Eureka Day: Laugh louder and longer than ever before in a theater

By Woody Weingarten

Don (Howard Swain, center) reacts to livestream comments projected above in Eureka Day at the Marin Theatre while (from left) Suzanne (Lisa Anne Porter), Carina (Leontyne Mbele-Mbong), Eli (Teddy Spencer), and Meiko (Charisse Loriaux) look on. Photo by David Allen.

 

By WOODY WEINGARTEN

To call Robert F. Kennedy Jr.’s Thursday appearance before the Senate Finance Committee’s three-hour hearing contentious would be a monumental understatement.

Multiple Democrat and Republican senators charged him with making non-logical, false, and misleading claims about vaccines.
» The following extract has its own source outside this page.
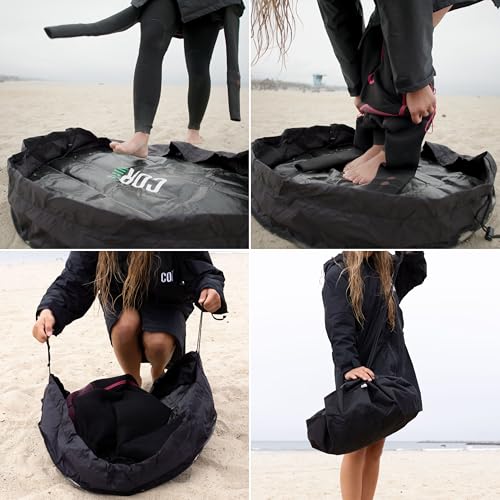 Change anywhere with the Cor Surf Wetsuit Changing Mat. The COR Surf Change Mat doubles as a water-tight carrying BAG so you’ll change in the parking lot and keep your wet wetsuit separate from your items and would possibly not leak in your car.

The Secretary of Health and Human Services futilely struggled to pull answers out of his back pocket.

Humor: Absent.

Eureka Day, a play that also tackles the chasm between vax and not vax, uses satire to make you laugh louder and longer than you’ve ever done before in a theater during a single scene.

Laughter: Infectious.

Also contagious in the 105-minute play is a 15-student outbreak of mumps that ultimately triggers a debate about whether to mandate vaccinations at a private, progressive Berkeley elementary school where white privilege blankets the place.

A five-member executive committee keeps trying to reach a mandatory consensus when consensus is light years away.
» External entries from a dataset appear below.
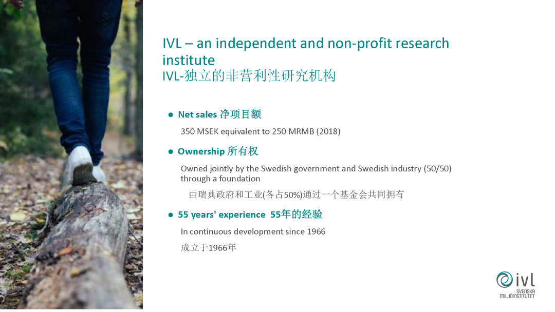 先簡(jiǎn)單介紹一下我們的機(jī)構(gòu),我們的機(jī)構(gòu)是由瑞典的政府和工業(yè)各占50%成立的一個(gè)非盈利性的應(yīng)用性的研究機(jī)構(gòu),成立于1966年,到目前有五十多年的歷史。我們的總部是在瑞典的首都斯德哥爾摩,在其他的國(guó)家,在中國(guó)和印度都有代表處,目前我們有350名的員工。包括環(huán)境工程師、經(jīng)濟(jì)學(xué)家、社會(huì)學(xué)家等等各方面一些跨學(xué)科的專家,在瑞典我們有自己的實(shí)驗(yàn)室,除了科研以外也做一些技術(shù)開(kāi)發(fā)、技術(shù)轉(zhuǎn)移等工作。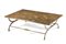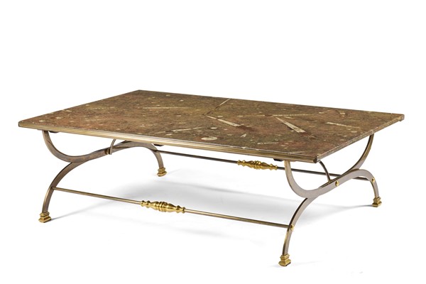 Tavolo da salotto di forma rettangolare con piano marmo fossile brown, gambe in metallo brunito e dorato (cm 140x41x92) (difetti)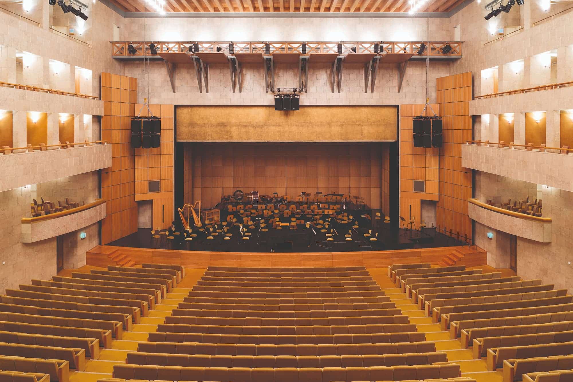 The Grande Auditório is an Italian type hall prepared to host major artistic productions, dance performances, music, theatre, opera, cinema, commercial events and conferences.

The fast-paced comedy, which debuted in 2018 at the Aurora Theatre in Berkeley, is being partnered by that company at the Marin Theater in Mill Valley — despite the Aurora having to cancel its current East Bay season because of a money drain.

The Marin production’s being directed masterfully by Josh Costello, Aurora’s artistic director who also held the reins for the original version.
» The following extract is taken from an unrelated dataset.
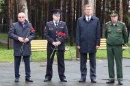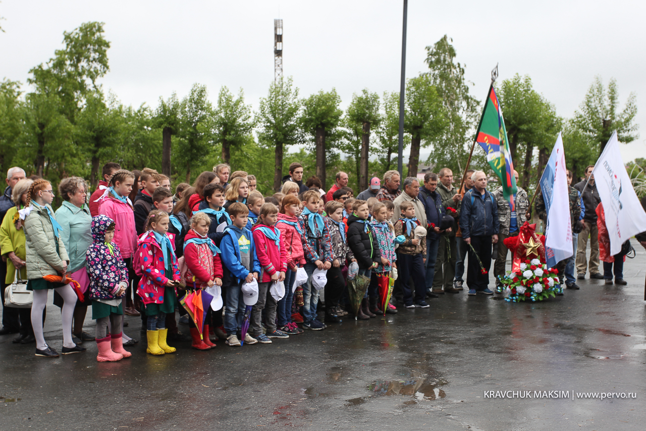 Прийти и почтить память погибших пришли временно исполняющий полномочия главы Первоуральска Игорь Кабец, ветеран Великой отечественной войны Павел Казанцев, комиссар города Первоуральск и Шалинского района Свердловской области Сергей Дарманов, руководитель территориального ОВД полковника полиции Олег Грехов, школьники и представители патриотических организаций города.

A caveat: The hilarious scene, featuring livestream comments projected on the rear wall of the set, is abruptly followed by an incredibly heavy change of pace (even though it’s sandwiched by many other moments that are less funny yet still quite amusing).

Each of the five main actors in the ensemble cast is phenomenal.

Howard Swain, who’s transcended so many roles in so many Bay Area venues that if you blink, you might find he’s already booked for 17 more, becomes Don, school executive committee leader with tangled white hair and white beard who desperately quashes potential squabbles. On occasion, he’ll read an indecipherable bit of prose or poetry to the others in a hopeful but valueless teaching moment.

Swain is in the minority, a performer who wasn’t plucked out of the original for this rendition. Ditto Leontyne Mbele-Mbong (Carina).

Eli (Teddy Spencer) embraces Meiko (Charisse Loriaux) amid emotional and intellectual turmoil. Photo by David Allen.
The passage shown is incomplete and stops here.